Ross Nodurft, the executive director of the Alliance for Digital Innovation and a former OMB cyber office chief, said the process to develop SBOMs is still maturing and it’s too early to codify it in law.
“SBOMs can be a useful part of a larger program focused on secure software development. Additionally, use of SBOMs as part of any type of procurement process is premature at best,” he said in a statement. “Instead, risk based use of SBOMs should be part of a larger discussion that includes both industry and agency stakeholders and should be considered as part of guidance to adopt secure software development lifecycle practices.”
OMB memo just released
The letter comes as the Office of Management and Budget released long-awaited software guidance. OMB says agencies “must only use software provided by software producers who can attest to complying with the government-specified secure software development practices, as described in the NIST guidance,” released in February.

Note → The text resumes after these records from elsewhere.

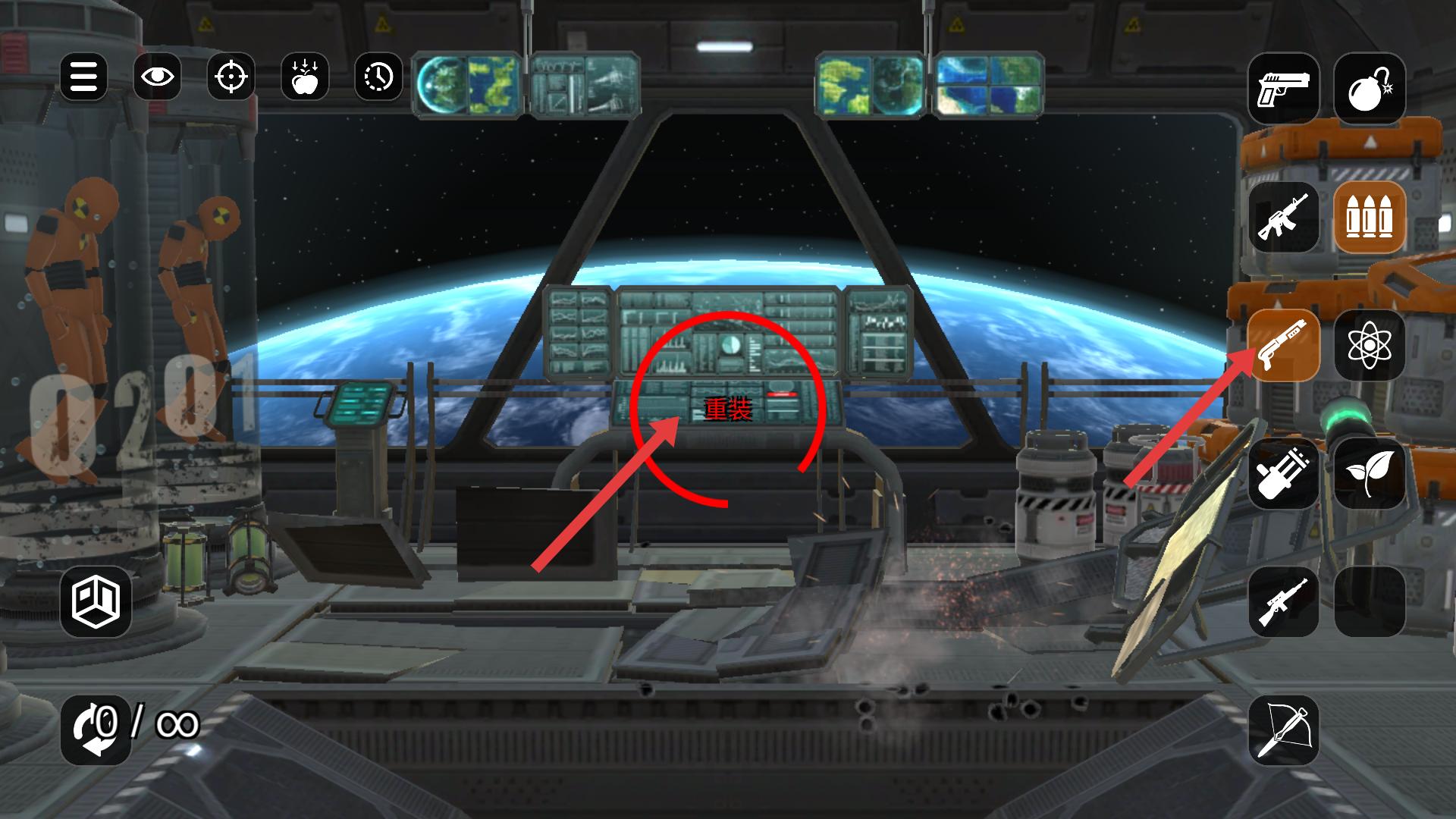 3、選擇合適的槍械道具,瞄準太空艙內的目標區域,進行射擊,通過重裝等操作,持續對場景造成破壞,推進游戲進程。
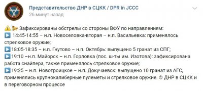Также сегодня сообщалось, что ВСУ за сутки выпустили по территории ДНР свыше 60 боеприпасов.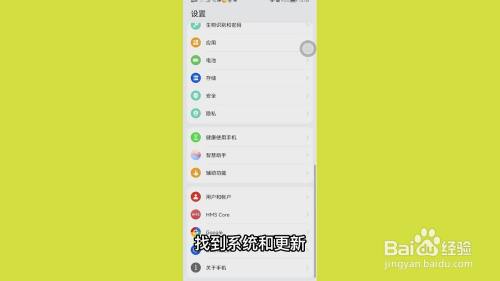 打开手机桌面上的{设置},找到{系统和更新}。
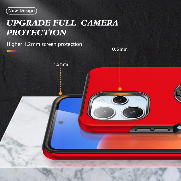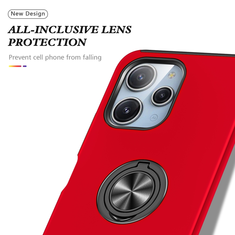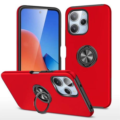 Funda para Teléfono con Soporte de Anillo Magnético Híbrido de TPU para Redmi 12 4G PC (Rojo)
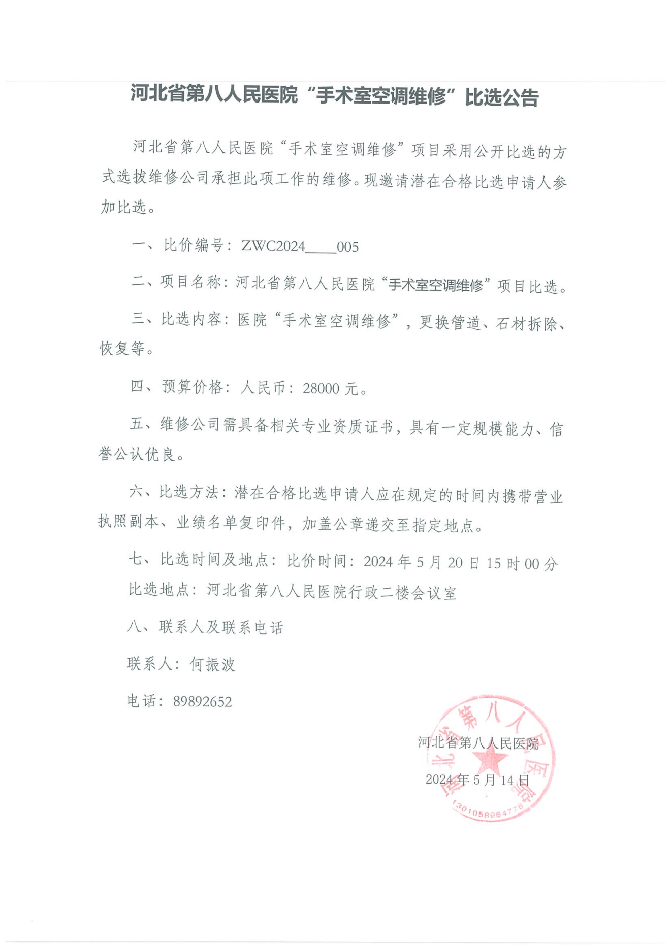 蜜桃视频 “手术室空调维修”比选公告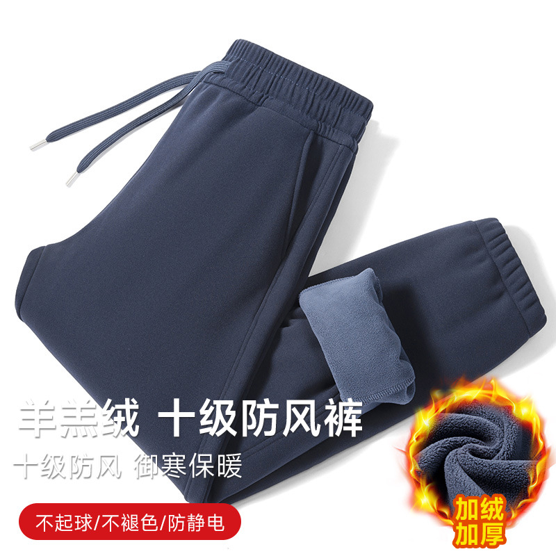 [Овечья шерсть] Зимние Холодостойкие утолщенные брюки на флисовой подкладке, мужские теплые хлопковые брюки, повседневные спортивные брюки, мужские брюки, спортивные штаны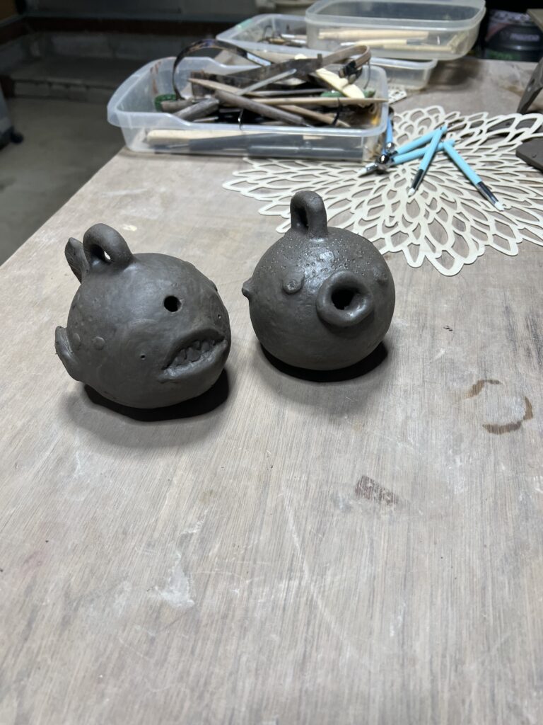 今日の午前は仲の良い夫婦が4種類の粘土を紐状にして粘土板を作りそれを角皿に仕上げました。午後は若い生徒がアンコウとフグの飾り物を使ったり、電動轆轤の練習をしました。皆さん貴重な時間を陶芸にいそしみ楽しんでいました。焼き上がりが楽しみですね。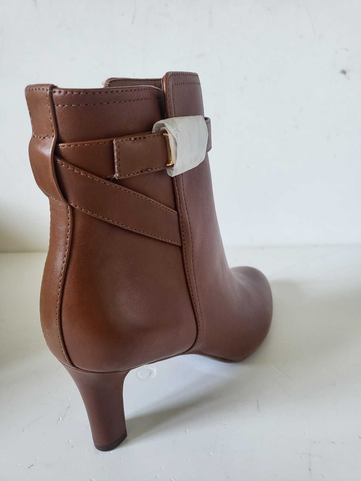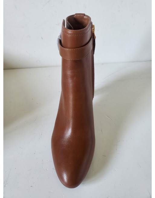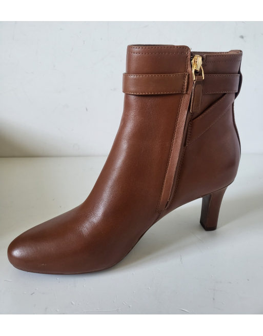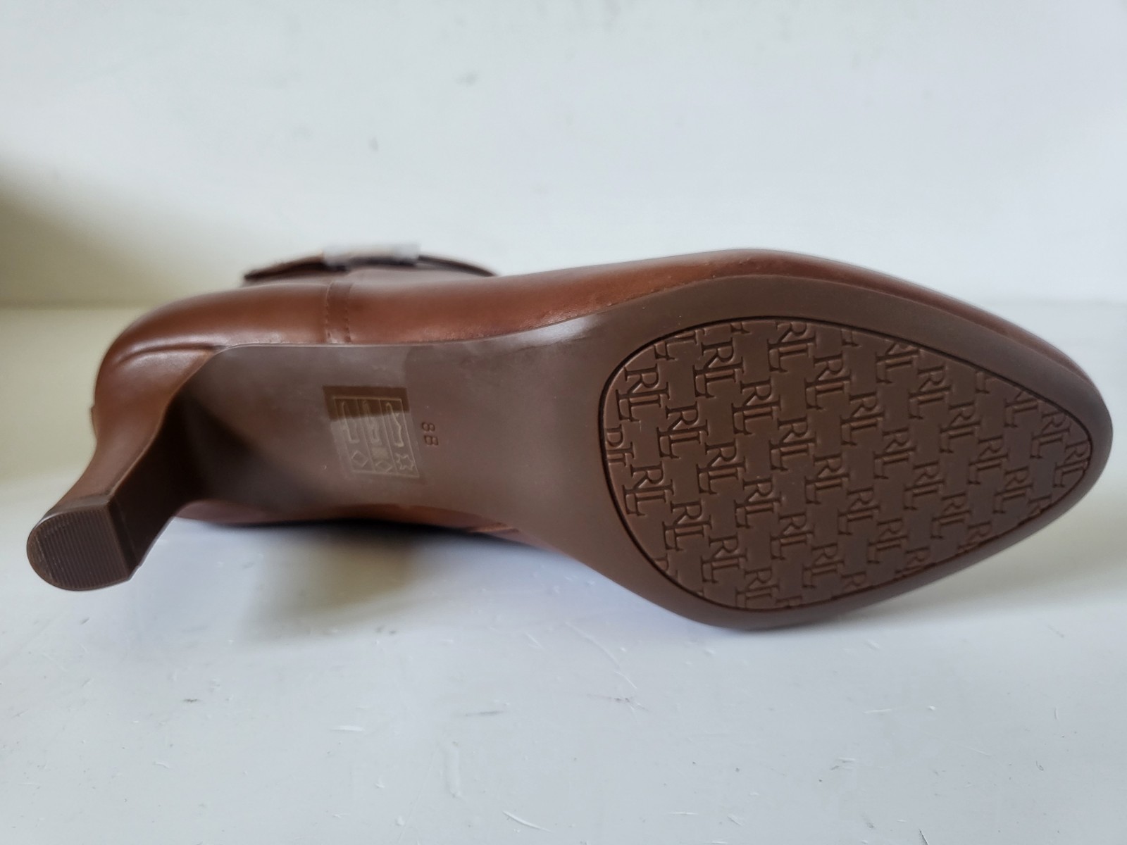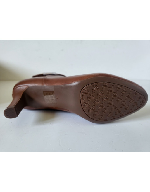 RALPH LAUREN Bottines cuir marron talon 7.5 cm fermeture éclair Taille 39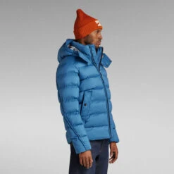 Denim jacket P3 is lightly padded with a soft filling. Volume pleats are added to the partly elasticated back. This jacket shows a single chest pocket with a zip closure. Cargo pockets at the waist offer a jeans button closure. For ease, a hanger loop and inner pocket are added to this denim P3 jacket.
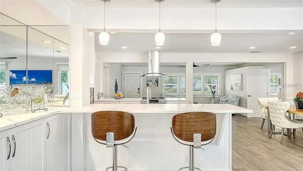 Modern luxury meets Florida beach house style in this impeccably renovated residence, located in the highly sought-after “West of the Trail” enclave — just minutes from Siesta Key’s world-renowned beaches and Downtown Sarasota’s cultural district. This designer 3-bedroom, 2-bath home offers nearly 1,900 square feet of refined interior space, thoughtfully reimagined for both elegant living and effortless entertaining. Clean lines, curated finishes, and a sunlit open layout set the tone throughout — blending coastal ease with upscale detail. Step outside and discover your own private resort-style oasis, featuring a sparkling pool, ambient lighting, and multiple lounging and dining areas — all surrounded by maintenance-free landscaping for year-round enjoyment. An EV charging station adds modern convenience, and there’s no HOA to limit your lifestyle or income strategy. Currently operated as a successful Airbnb by a 5-star Superhost, this home offers outstanding flexibility for the right buyer — whether as a seasonal retreat, full-time residence, or high-end rental investment. A rare offering in one of Sarasota's most desirable neighborhoods — polished, private, and prepared for its next chapter.
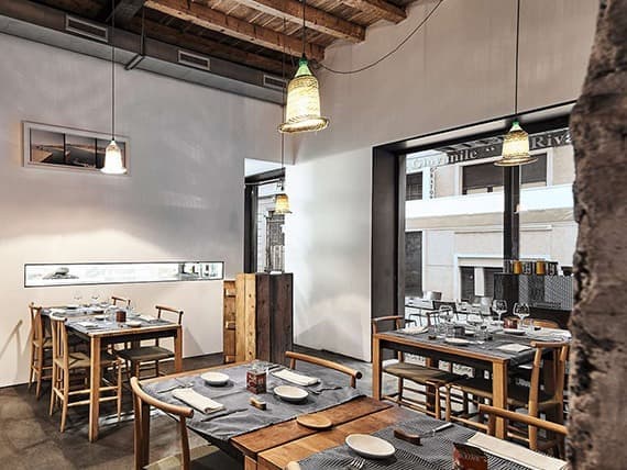 Мишленовский ресторан на заброшенной лесопилке в районе Навильи. Ответственная за дизайн Таня Сольчи почти полностью сохранила обстановку заброшенного индустриального цеха и ограничилась несколькими хрустальными люстрами над длинными белыми столами. Ресторан не новый, открылся в 2014 году, но по-прежнему интересный.

“Not too long ago, the only real criteria for the quality of a piece of software was whether it worked as advertised,” wrote Chris DeRusha, the federal chief information security officer in a blog post. “With the cyber threats facing federal agencies, our technology must be developed in a way that makes it resilient and secure, ensuring the delivery of critical services to the American people while protecting the data of the American public and guarding against foreign adversaries.”
Grant Schneider, the senior director of cybersecurity services at Venable and former federal CISO, said in a statement that the administration’s SBOM efforts should get off the ground before Congress starts mandating requirements.
“More work is needed to ensure IT operators and software developers have shared expectations for the content and sharing mechanisms for SBOMs,” he said.
DoD reporting requirement
Through the NDAA, lawmakers are trying to build upon the White House’s efforts. Along with the DHS language, House members included one other supply chain security focused provisions.
One would require the Defense Department to brief the House Armed Services Committee by March 1 on “its efforts to identify and mitigate supply chain threats and vulnerabilities throughout the software supply chain, to include software as well as procedures and controls to ensure the security of that software supply chain.”
The committee wrote in its report that software supply chain attacks are increasing at an exponential rate of four to five times per year, with several thousand attacks in 2021.
The associations urged the Senate Armed Services Committee and the Homeland Security and Governmental Affairs Committee to remove the House language to give industry and the administration more time to mature the SBOM process.